The reforms, jump-started by the Office of Management and Budget, come as part of a larger set of "structural changes" and other plans to make federal IT more productive and effective. The policy changes will cap a three-pronged strategy to overhaul federal IT that began this summer with reviews of high-risk IT projects and financial systems modernization efforts.

"A productivity boom has transformed private sector performance over the past two decades, but the federal government has almost entirely missed out," federal chief performance officer Jeff Zients told an audience of contractors in his speech before the Northern Virginia Technology Council. He cited statistics showing that government productivity has been growing at only 1/3 the rate of private productivity for the last few decades. "Fixing IT is central to everything we're trying to do. We've got to spread practices that we know work."

The administration's plan, which comes after deliberation with both industry and government, is five-fold: better align budgeting and acquisitions with the technology cycle, strengthen project and program management, streamline IT governance, increase engagement with industry and adopt "light technology" (think cloud computing) and shared services.

The long lead time for federal IT appropriations and acquisition has long made it hard for federal agencies to quickly adopt new technology. "The iPhone was developed in less time than it takes to prepare a budget and get Congressional approval," Zients said, attributing the quote to Department of Defense deputy secretary Bill Lynn. "Agencies need the flexibility to respond to changes in needs and expectations."

To that end, OMB plans to work with agencies and Congress on pilot projects to introduce flexibility into the IT budgeting process, and the administration is spending an additional $158 million this fiscal year to improve the thinly stretched federal acquisition workforce.

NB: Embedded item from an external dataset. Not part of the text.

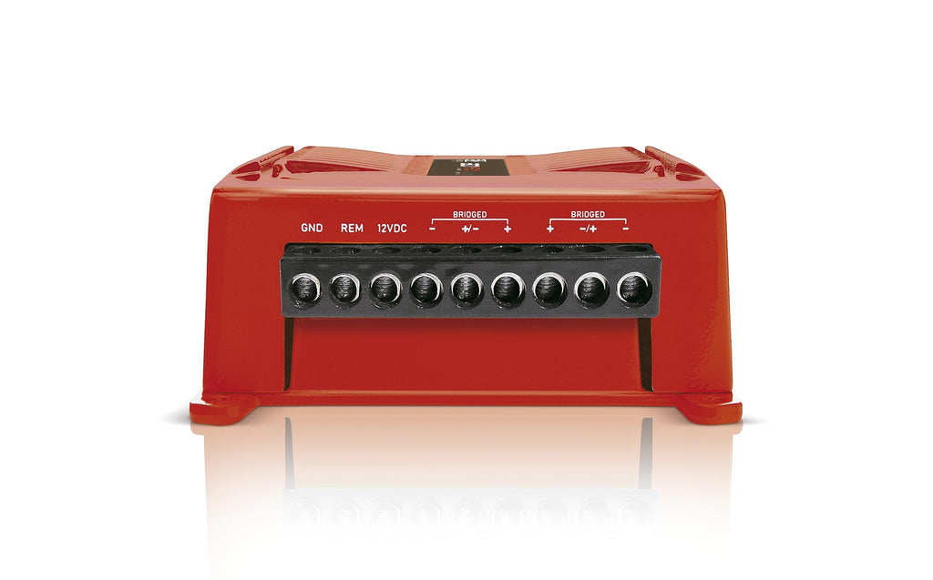 Banda Audioparts BD400.4RED Four Channel 4 x 100 Watt Rms Full Range Car Audio Amplfier 4 Ohms Bridged with Optional Use Low or High Pass Filters Red"SPECIFICATIONS :: Total Power 14,4 @ 2 Ohms : 4 x 100 WRMS | Total Power 14,4 @ 4 Ohms : 4 x 70 WRMS | Total Power 14,4 Bridged @ 2-4 Ohms : 2 x 200 WRMS | Efficiency @ 4 Ohms : 0.84 | Efficiency @ 2 Ohms : 0.77 | Input Voltage : 9 – 15V | Input Impedance : 22K Ohms | THD+Noise : 0,10% | ""SPECIFICATIONS :: THD+Noise : 0,10% | Input Sensitivity : 140mV – 680V | SNR : 85dB | Frequency Response : 5 to 22KHz (-3dBs) | HPF (High Pass Filter) : 20 to 90Hz @ 12dB/octave Linkwitz-Riley | LPF (Low Pass Filter) : 90 to 20kHz @ 12dB/octave Linkwitz-Riley | Recommended Fuse : 30 A | Current at Rest : 1 A | Average Current Draw (Sinusoidal) : 30 A | Average Current Draw (Music) : 20 A | Power Wire Gauge (min. Recommended) : 6mm / 9 AWG | ""SPECIFICATIONS :: SPEAKER WIRE GAUGE (MIN. RECOMMENDED) Weight (Lb) : 1,8 | Height (in) : 1,6 | Width (in) : 4,8 | Depth (in) : 8,0 | "Class D operation provides exceptional power and efficiency, allowing the amplifier to deliver up to 400 WRMS of maximum power across four channels || Active crossover per key and band pass capabilities provide advanced control over the frequency response, allowing you to fine-tune the sound to your specific needs ||With a frequency response range of 20Hz to 20kHz and THD of less than 1%, this amplifier produces crystal-clear, distortion-free sound across the entire audible spectrum || Compact and lightweight at only 1.72 lbs and with a height of 4.57 inches, width of 5 inches, and depth of 2.09 inches, this amplifier is perfect for use in tight spaces or on-the-go applications such as car or motorcycle audio systems.

In terms of IT project management, most government agencies fill that function on an ad hoc basis with people from other career paths, Zients said, increasing the chance for failure. OMB is now working with the Office of Personnel Management to create a more formal IT project management career track for the federal government, and, going forward, will not green-light any spending on projects that don't have dedicated project management teams.

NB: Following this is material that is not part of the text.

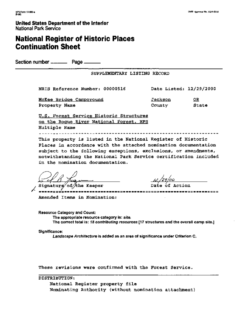 NPS Form 10900aOMB Approval No. 10240018United States Department of the Interior National Park ServiceNational Register of Historic Places Continuation Sheet Section number Page SUPPLEMENTARY LISTING
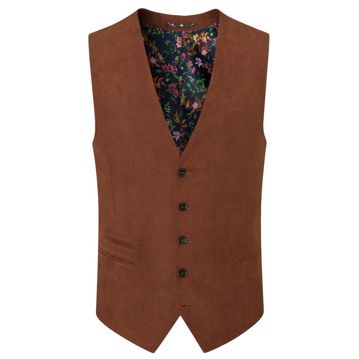 A countryside classic with tailored charm, the Baks 99MM1541 Ginger Brown Waistcoat blends soft suede-effect texture with structured polish. Its warm ginger tone and floral print lining offer a refined layer for smart-casual or formal edits.

One of the core structural challenges to federal IT is that it often operates in a bureaucratic, federated model with, as Zients put it, "layers of accountability" that make decision-making tough and "true accountability almost non-existent." However, OMB's TechStat meetings -- statistics-heavy analysis of the goals and obstacles of federal IT projects -- have been bringing all the key constituents in the projects to the table, and OMB plans to develop corollary meetings at every cabinet-level agency.

Among the bright spots in federal IT project management is the Department of Veterans Affairs, where the agency CIO has been given centralized budget and management authority to an extent not seen elsewhere in government (but seen in most successful private sector IT shops), and has been able to slash poorly working projects and require his project managers to be accountable. Legislation may be required to put this type of authority in place at other agencies, which Kundra said would be the "toughest step" of the administration's policy.

Increased industry engagement will entail cutting through misconceptions about government's relationships with industry, Zients and Kundra said. The administration's top procurement official will within the next few months launch a "myth busting" campaign to address how agencies can work with industry and will later develop a broader plan for improving relationships with industry. "Too often, you have procurement officials who think their number one job is just to stay out of jail," Kundra said, digging at what he sees as overly risk-averse practices on the part of federal acquisition employees. As for adopting "light technology" and shared services, Zients said, the administration had settled on a "cloud-first" budget policy for 2012, which will require agencies to explain why they are not going to use cloud services. "We will require agencies to default to cloud options whenever a secure, cost-effective cloud option exists," Zients said. Though short on details, Zients said the government planned to stand up "secure government-wide platforms" for infrastructure, e-mail and productivity suites. Part of this prong of the strategy also includes data center consolidation, and Zients announced that the government had set an ambitious goal to reduce the total number of federal data centers by 40%, from about 2,000 to 1,200, by 2015.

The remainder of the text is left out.